In a departure from century-old norms, Supreme Court arguments will be available to the public in real time this May. The Supreme Court has long delayed releasing copies of oral arguments to the public. Currently, the standard is to release audio transcripts at the end of the week of a hearing. However, with covid-19, in person hearings have become impossible, and there are certain time sensitive cases that cannot be delayed much longer. So, the highest court in the land is joining the rest of the world in embracing tele-work. Starting in May the court will hold oral arguments over the telephone. In doing so, they will allow news broadcasters access to the arguments in real time. It is hard to imagine that the public will be satisfied going back to a delayed release after a taste of real-time arguments. New York Times.

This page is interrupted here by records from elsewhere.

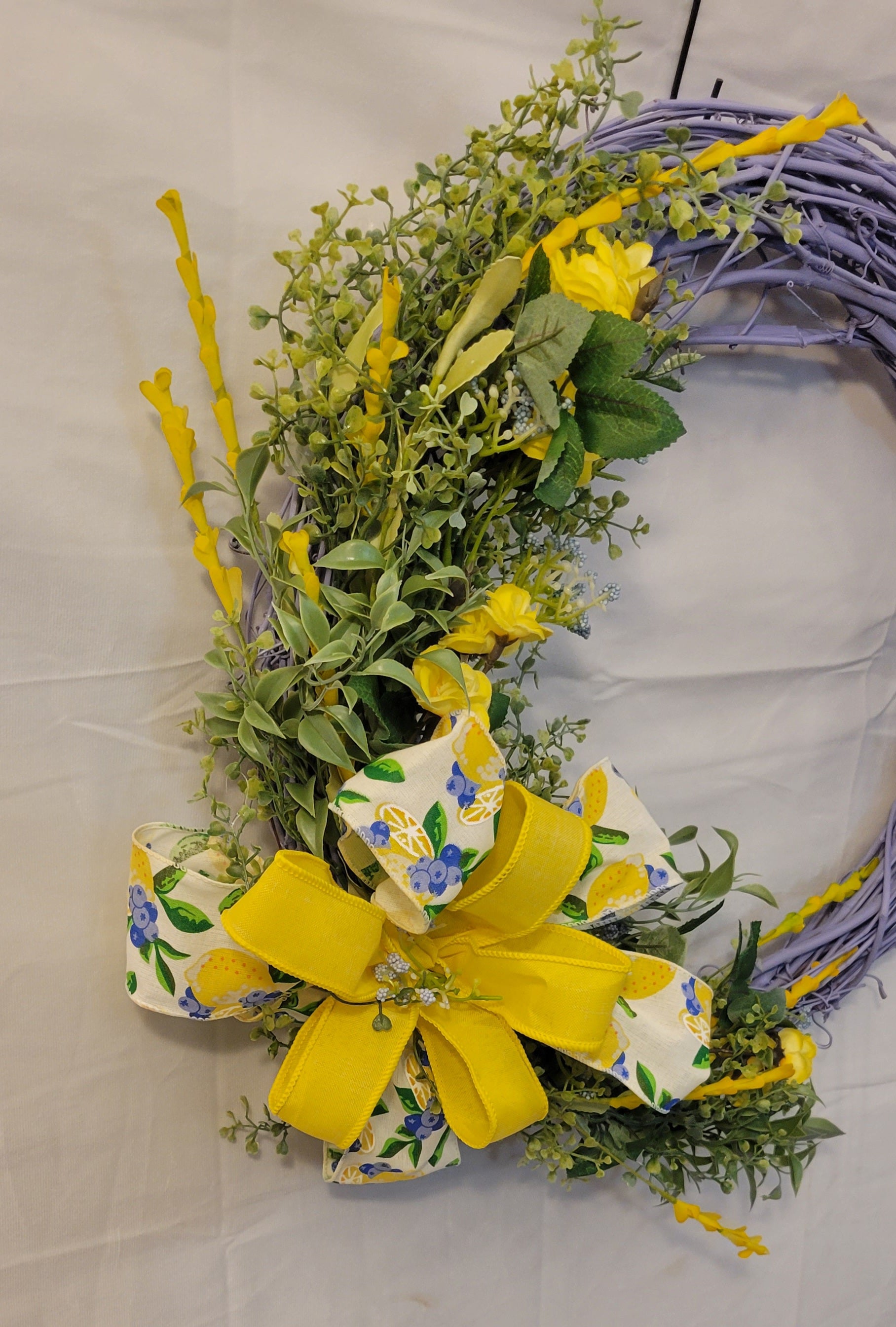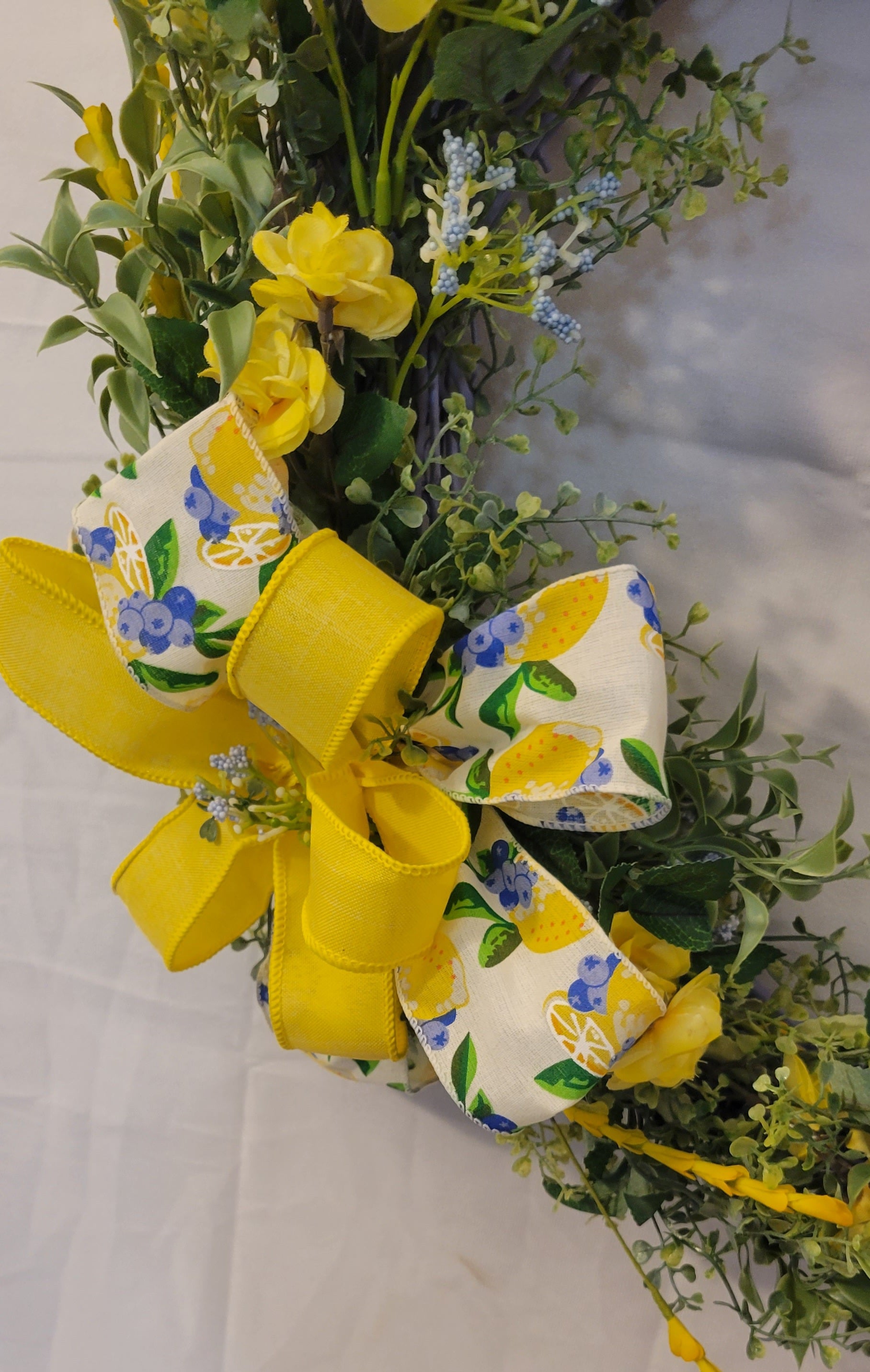 Handmade Bows: At the top of the wreath, you'll find two handmade bows, expertly crafted with attention to detail. The bows feature charming yellow and lemon, and blue print, perfectly accentuating the overall design and adding a touch of sophistication.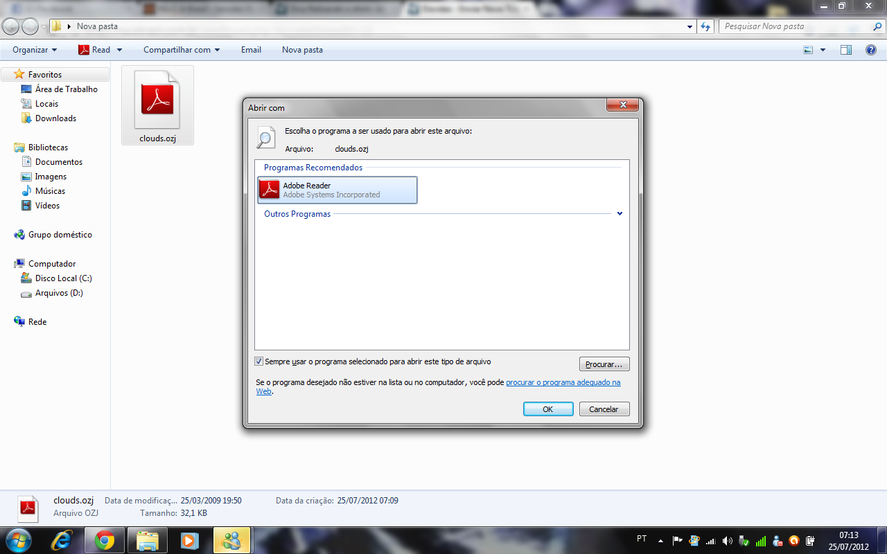 Daí eu cliquei ABRIR COMO Adobe Reader.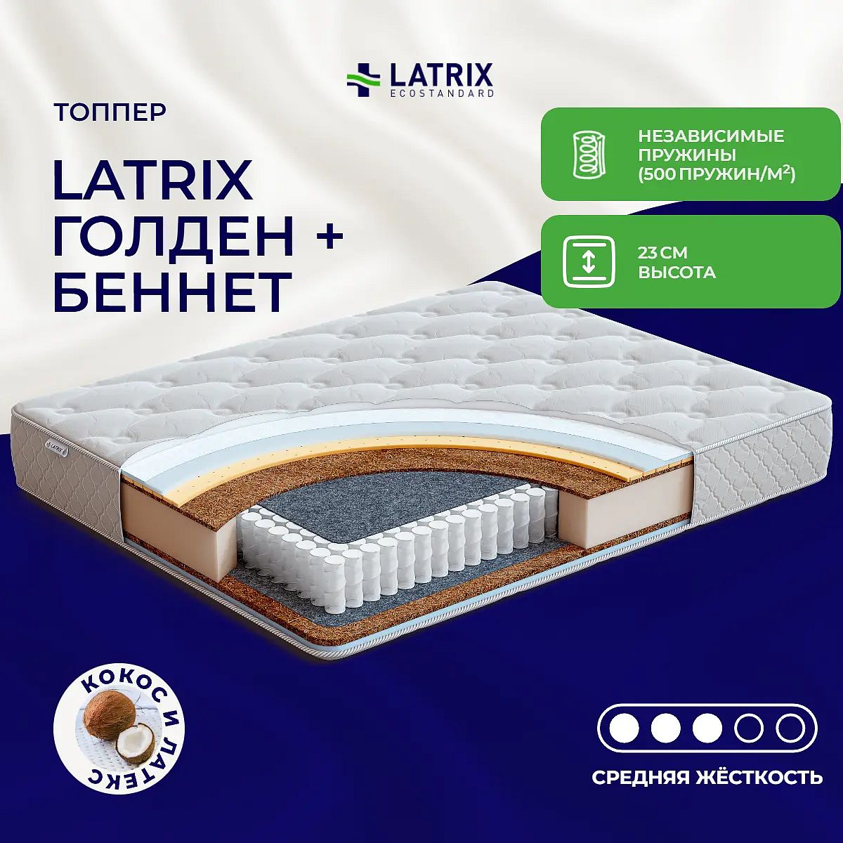 Матрас «Latrix Голден + Беннет» — средней жесткости, которая комфортна большинству людей среднего телосложения. Это — оптимальный вариант и детям, и взрослым, и пожилым людям.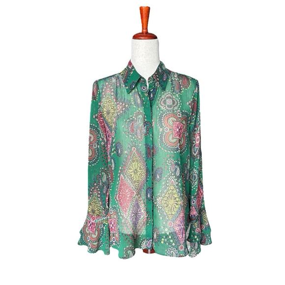 Elie Tahari Sheer Blouse Button Front Bohemian Paisley Print Top Ruffle Cuff L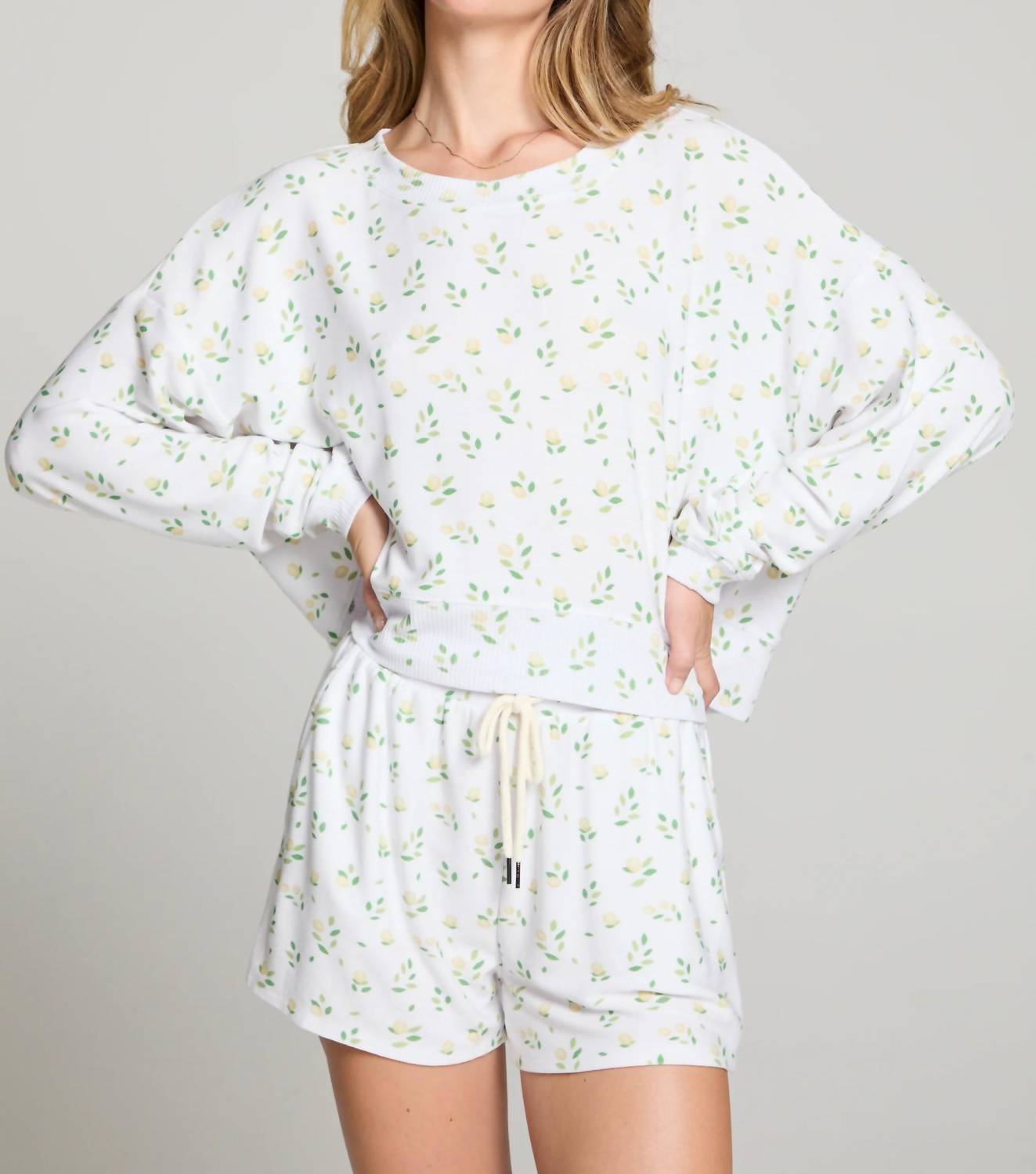 Great fit, cute design, soft fabric. You'll love everything about this long sleeve tee. Infuse your wardrobe with a zest of style with the Allover Lemons Long Sleeve Top by Chaser. This piece features long sleeves and a charming Tuscan motif in a flattering boxy, cropped fit. Crafted from 49% Polyester, 46% Rayon, and 5% Spandex, this top offers comfort and style in a fresh floral pattern. Designed with a convenient pull-on closure, it's the perfect addition for a boho chic Thanksgiving or any spring occasion. Model is 5'9" and wearing a size small.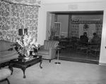 Two members talk over coffee cups in the other picture, which shows in the foreground one of the club's numerous, well-furnished reception and parlor rooms. All purchase and upkeep costs of the club come from Fort Worth AA members. Published in Fort Worth Star-Telegram evening edition, May 18, 1950.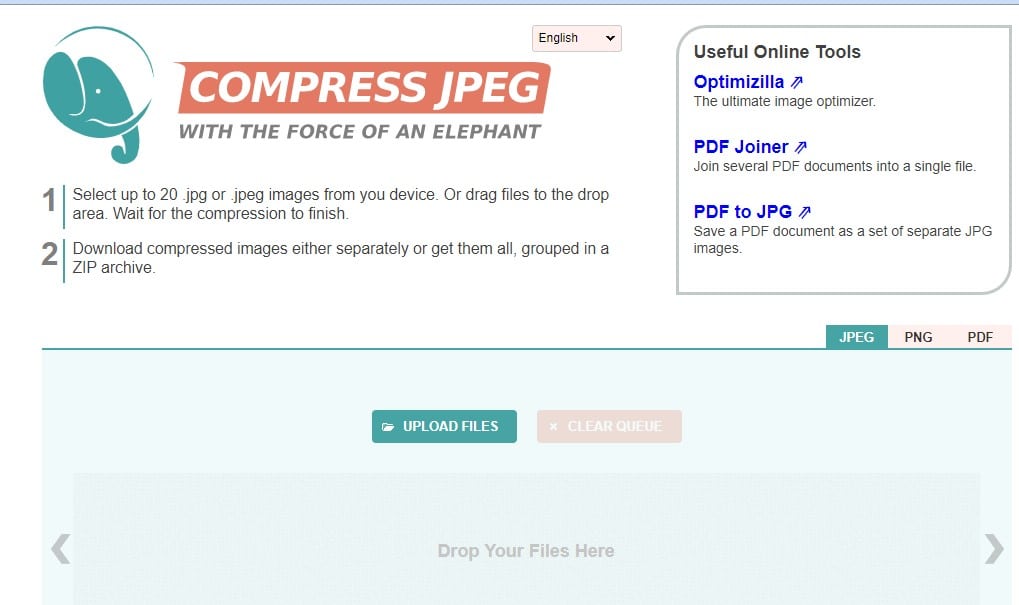 Compress JPEG 可能是圖像壓縮方面的最佳網站。你不會相信,但該站點允許用戶選擇多達 20 種.jpg 或.jpeg 文件類型。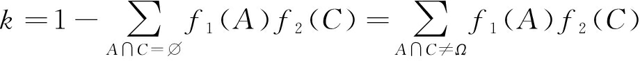 式中:C为2Ω中的命题;k为证据冲突因子,当k=1时,表示命题A,C完全冲突;0<k<1时,表示可对命题A,C进行数据融合。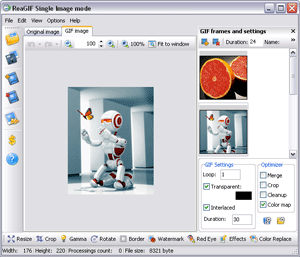 ReaGIF is our own popular image converter, enabling you to convert images from most often used graphic formats in order to GIF. You can transform you images to GIF both by one or even all at once like a batch job.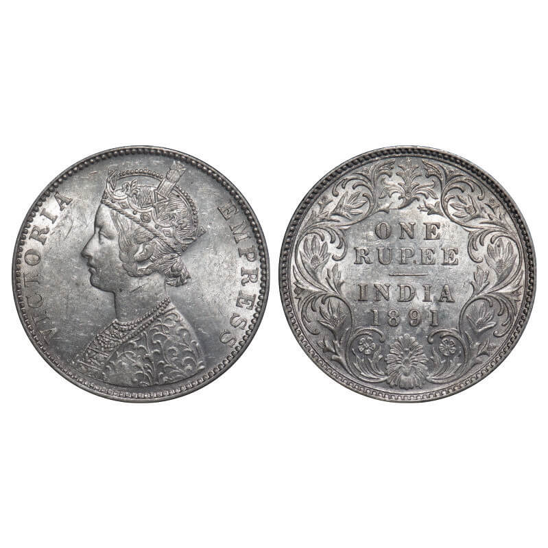 Victoria Empress, Silver, Rupee, 1891, Bombay Mint, C2/I, 'B' incused. F. Prid 179. GK 569. Almost Uncirculated. Very Scarce.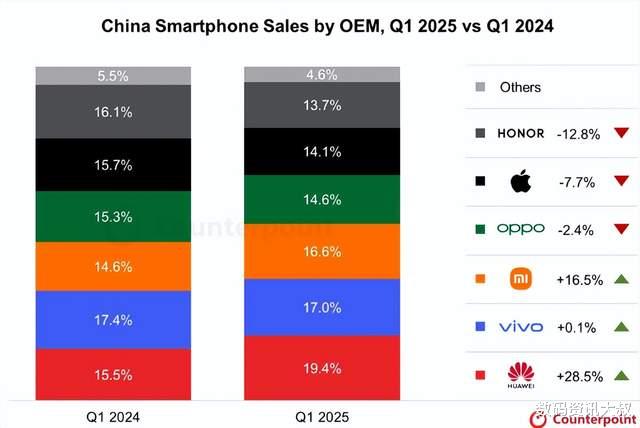 相关数据显示,华为Pura 70系列的出货量已经突破1300万,成为华为旗舰手机的销量担当。知名市场研究机构Counterpoint Research发布的2025年第一季度国内智能手机市场报告也显示,以华为Pura 70系列为代表的旗舰机型助力华为手机销售额同比增长28.5%,达到了自2021年以来的最高市场份额,销量份额为19.4%,位居国内手机市场第一。这表明,依托全产业链技术突破华为已经实现全面回归,全新华为Pura 80系列有望进一步助推华为市场份额。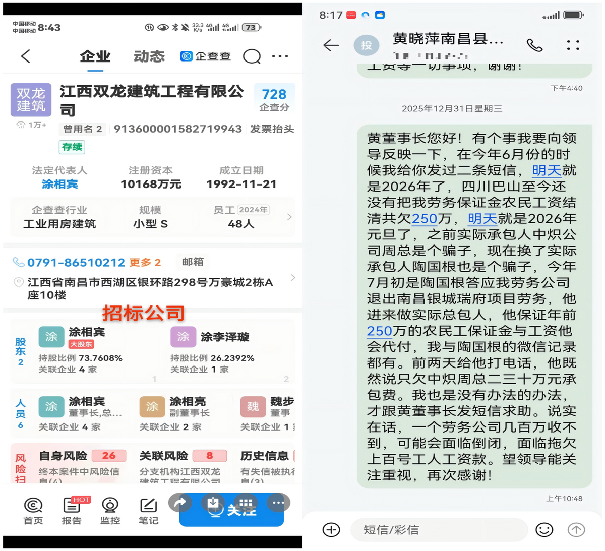 据知情人透露,该项目最初由多家公司“围标”中标,随后被四川巴山以“管理费”名义转包给中炽,中炽又加价“卖标”给陶国根——每一次转包,都是“空手套白狼”的套利,农民工的工资,早成了“转包链条里的牺牲品”。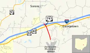 - ↑ "Roadway Description Inventory Report - DESTAPE (Muskingum County)" (PDF). Ohio Department of Transportation. July 3, 2014. p. 55-57. Retrieved September 6, 2014. SR 797 is not listed at all in the inventory; the intersection of Airport Road at US 22 on page 5 is listed as CR 796 (Airport Road) and CR 52 (Sonora Road).

The Food and Drug Administration has granted emergency use authorization for a new type of coronavirus testing using saliva, developed by scientists at Rutgers University. Up to 10,000 tests per day can be run and the technology eliminates use of collections swabs which are in short supply nationwide. The higher volume of collected bodily fluid may increase sensitivity, and less PPE will be needed, the developers believe, as health care workers will not need to collect nasopharyngeal swabs. That said, the CDC declared swabbing to be “non-aerosolizing” earlier in this pandemic, so full PPE is not strictly required for nasopharyngeal swabs. However, many people believe that swabbing is aerosolizing and feel that the CDC guideline reflects PPE shortages more than a full reckoning of the actual risks. If true, then there would be a lower risk of viral transmission to health care workers with a saliva sample compared to a nasopharyngeal sample. CNBC.